The objective of this study was to determine the air-supply volume and temperature-control curve of subway trains. First, a theoretical calculation was performed to determine the minimum critical air-supply volume curve under different passenger capacities in order to account for cold and wet load requirements, in addition to fresh-air-volume requirements. Second, the numerical simulation method was used to calculate the PMV distribution under a variety of passenger capacities and air-supply volumes. It was found that controlling the air-supply volume alone was not sufficient to produce the state of thermal comfort that corresponds to PMV = 0 in the human body. According to the PMV theory formula, multiple linear regression was used to fit the temperature-control curve under different passenger capacities. Based on the simulation calculation of the passenger compartment, the uniformity of the flow field and temperature field in the passenger compartment was evaluated in accordance with EN14750. Under all air-supply conditions, the uniformity of the flow and temperature field met the requirements of the standard, which indicates that this research method is accurate and may be used to guide the design calculations of similar practical projects in the future.

Table 10. The air-supply volume and the temperature-control curve.

Passenger Capacity N (People)	Air Output Q (m3/h)	Controlling Temperature tin (°C)
N < 60	3795	$t_{in}=0.369\times t_{out}-0.06\times N+16.004$
60 ≤ N < 176	$Q=-0.06\times N^2+50.2\times N+988.4$	$t_{in}=0.303\times t_{out}-0.011\times N+15.791$
N ≥ 176	8000	$t_{in}=0.3\times t_{out}-0.004\times N+14.959$

shows the governing equation for the volume of air supply and temperature of the air conditioners in subway trains that have a passenger capacity.

As a result of the control curve proposed in this paper for air-supply volume and temperature, it becomes possible to adjust the air-supply volume and temperature in real time in response to changes in passenger capacity, improve the human body’s thermal comfort in the vehicle, and reduce air-conditioning energy consumption.
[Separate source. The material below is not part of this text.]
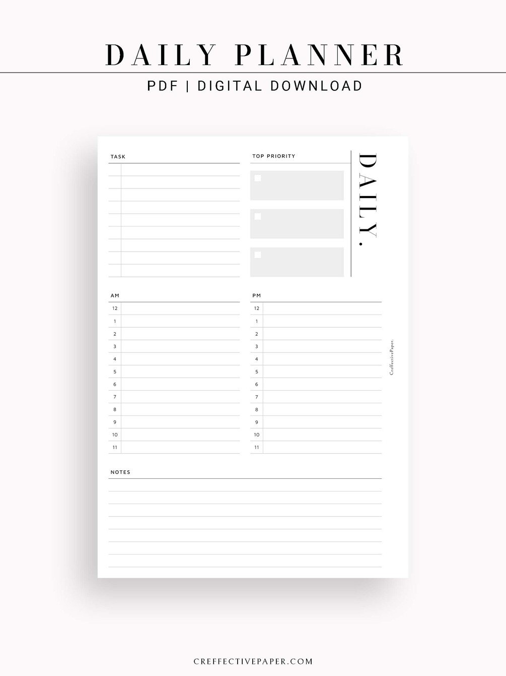 ● 24 Hourly Schedule Daily Planner, Day on a Page, Daily Task, Top Priority
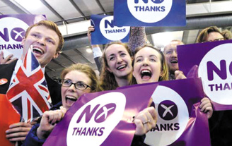 Los votantes escoceses dijeron "no" a la independencia y decidieron seguir siendo parte del Reino Unido, en un histórico referendo que sacudió el país. La decisión impidió la ruptura de una unión de 307 años con Inglaterra y causó un enorme alivio al "establishment" político británico.

During real vehicle regulation, the air volume should be regulated first according to the number of passengers, and then the temperature should be further regulated. By reducing air-supply volume and duct resistance, excessive cooling output is avoided, and fan energy consumption is reduced. The method is currently being tested for use in subways.